» Work required
Please print every line of the material below exactly.

» Listed records
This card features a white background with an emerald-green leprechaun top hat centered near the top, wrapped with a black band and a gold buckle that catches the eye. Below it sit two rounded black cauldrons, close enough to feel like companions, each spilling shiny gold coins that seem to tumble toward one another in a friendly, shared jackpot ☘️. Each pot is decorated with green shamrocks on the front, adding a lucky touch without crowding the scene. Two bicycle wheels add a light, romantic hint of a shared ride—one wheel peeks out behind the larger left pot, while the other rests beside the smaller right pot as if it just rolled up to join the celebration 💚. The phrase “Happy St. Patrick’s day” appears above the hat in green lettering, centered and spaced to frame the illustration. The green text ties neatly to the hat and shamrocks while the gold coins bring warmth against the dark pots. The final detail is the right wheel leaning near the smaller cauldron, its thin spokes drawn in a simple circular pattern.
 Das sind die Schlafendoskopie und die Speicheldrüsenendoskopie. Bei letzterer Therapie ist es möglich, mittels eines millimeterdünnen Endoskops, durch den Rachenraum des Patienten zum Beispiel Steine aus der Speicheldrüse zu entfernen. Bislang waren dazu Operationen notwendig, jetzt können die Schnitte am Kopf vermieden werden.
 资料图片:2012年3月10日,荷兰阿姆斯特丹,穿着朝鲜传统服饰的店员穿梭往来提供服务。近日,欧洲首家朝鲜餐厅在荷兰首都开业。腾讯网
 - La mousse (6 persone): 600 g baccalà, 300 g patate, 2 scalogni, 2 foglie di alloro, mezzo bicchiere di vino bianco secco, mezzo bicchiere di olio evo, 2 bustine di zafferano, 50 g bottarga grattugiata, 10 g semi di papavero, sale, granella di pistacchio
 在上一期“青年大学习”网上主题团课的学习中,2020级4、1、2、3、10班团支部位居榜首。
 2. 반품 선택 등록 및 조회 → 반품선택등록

» Answer space
This card features a white background with an emerald-green leprechaun top hat centered near the top, wrapped with a black band and a gold buckle that catches the eye. Below it sit two rounded black cauldrons, close enough to feel like companions, each spilling shiny gold coins that seem to tumble toward one another in a friendly, shared jackpot ☘️. Each pot is decorated with green shamrocks on the front, adding a lucky touch without crowding the scene. Two bicycle wheels add a light, romantic hint of a shared ride—one wheel peeks out behind the larger left pot, while the other rests beside the smaller right pot as if it just rolled up to join the celebration 💚. The phrase “Happy St. Patrick’s day” appears above the hat in green lettering, centered and spaced to frame the illustration. The green text ties neatly to the hat and shamrocks while the gold coins bring warmth against the dark pots. The final detail is the right wheel leaning near the smaller cauldron, its thin spokes drawn in a simple circular pattern.
 Das sind die Schlafendoskopie und die Speicheldrüsenendoskopie. Bei letzterer Therapie ist es möglich, mittels eines millimeterdünnen Endoskops, durch den Rachenraum des Patienten zum Beispiel Steine aus der Speicheldrüse zu entfernen. Bislang waren dazu Operationen notwendig, jetzt können die Schnitte am Kopf vermieden werden.
 资料图片:2012年3月10日,荷兰阿姆斯特丹,穿着朝鲜传统服饰的店员穿梭往来提供服务。近日,欧洲首家朝鲜餐厅在荷兰首都开业。腾讯网
 - La mousse (6 persone): 600 g baccalà, 300 g patate, 2 scalogni, 2 foglie di alloro, mezzo bicchiere di vino bianco secco, mezzo bicchiere di olio evo, 2 bustine di zafferano, 50 g bottarga grattugiata, 10 g semi di papavero, sale, granella di pistacchio
 在上一期“青年大学习”网上主题团课的学习中,2020级4、1、2、3、10班团支部位居榜首。
 2. 반품 선택 등록 및 조회 → 반품선택등록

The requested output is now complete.